That said, the aluminum compartment houses all the “ugly” hardware such as the power supply, the cables, and the hard drives. The tempered glass portion allows the system builder to showcase all the “flashy” components like the motherboard, the graphics card, and LED lighting. The two compartments are divided by a narrow “band” that provides the power button and inputs.
On the aluminum side, Lian Li has crammed in a modular hard drive rack that supports six 3.5-inch drives and two 2.5-inch drives. This rack has two built-in 120mm exhaust fans, while three additional 120mm intake fans are mounted in the panel dividing the chassis in half. The warm air seems to be pushed out through vents found in the back and at the top of the chassis while the cool air is pulled in from vents mounted on its belly.
Despite all the fans, system builders can choose to install a water cooling system if needed by ripping out the three intake fans and replacing them with a 120 x 360 millimeter radiator and another one at the top panel in the glass compartment. Builders could even hide one of the radiators in the aluminum side and pass the all-in-one tubes through rubberized holes in the chassis divider. Lian Li indicates that there’s plenty of room in the aluminum compartment for liquid cooling.

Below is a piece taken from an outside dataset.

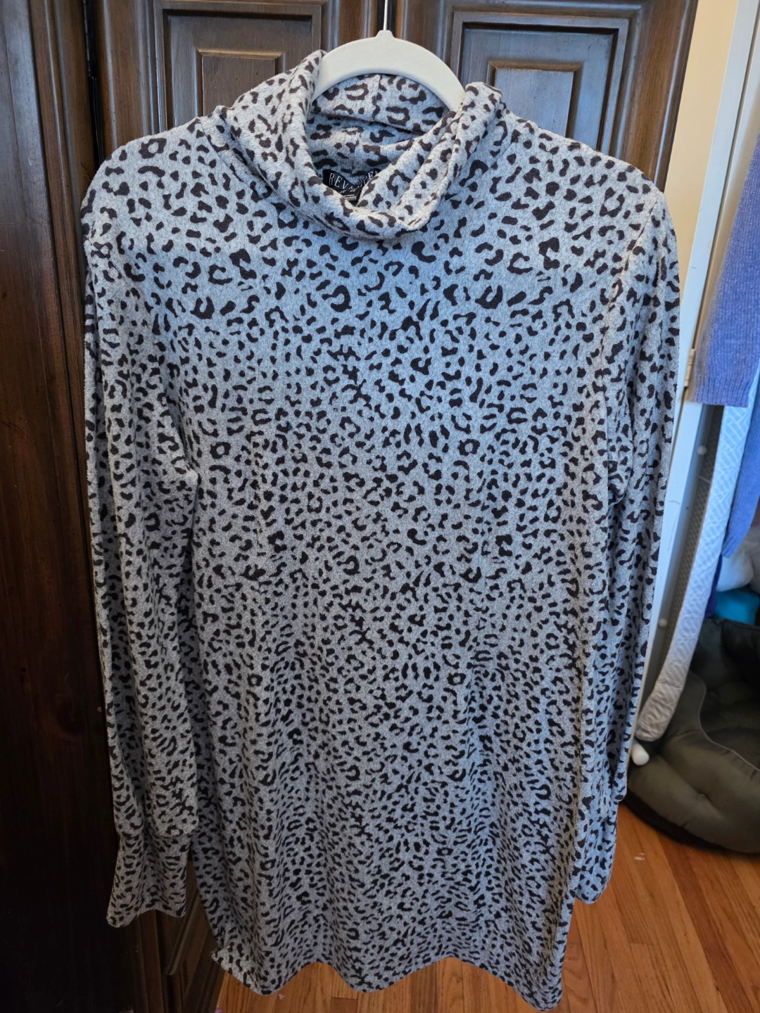 63Grey and brown leopard print mock neck long sleeve sweater. Size XL. Soft material.

The specs show that this new two-faced chassis measures 354mm wide by 482mm high by 465mm deep, and supports ATX and Micro-ATX motherboards. The maximum VGA card length is 420mm (290mm with a radiator installed), the power supply length is 290mm, and the CPU cooler height in 160mm. The case provides four USB 3.0 ports, HD audio jacks, and the power button on the top dividing strip.
On the back of the aluminum side is the vent for the two exhaust fans on the drive cage, and the power supply cutout. The tempered glass side (which is actually aluminum on the back) plays host to the motherboard cutout, an intake vent, and eight expansion slots. An LED RGB controller is mounted on the back, as well in the strip dividing the two compartments.
Additional features of this new two-faced chassis include air filters installed in the top, bottom, and on the side of the case; aluminum stands to pull it off the desktop surface; and a complete LED RGB color-changing kit that consists of a waterproof LED strip, cord clip, dimmer, and the previously-mentioned controller. The Lian Li logo is actually LED-lit and glows in between the two compartments, adding to the overall awesome appearance of this new chassis.
Lian Li’s PC-O9 case will be made available in mid-June for £349.99, or just over $500 in the U.S. The case will be offered in two flavors: black with red highlights (PC-O9WRX) and all black (PC-O9WX).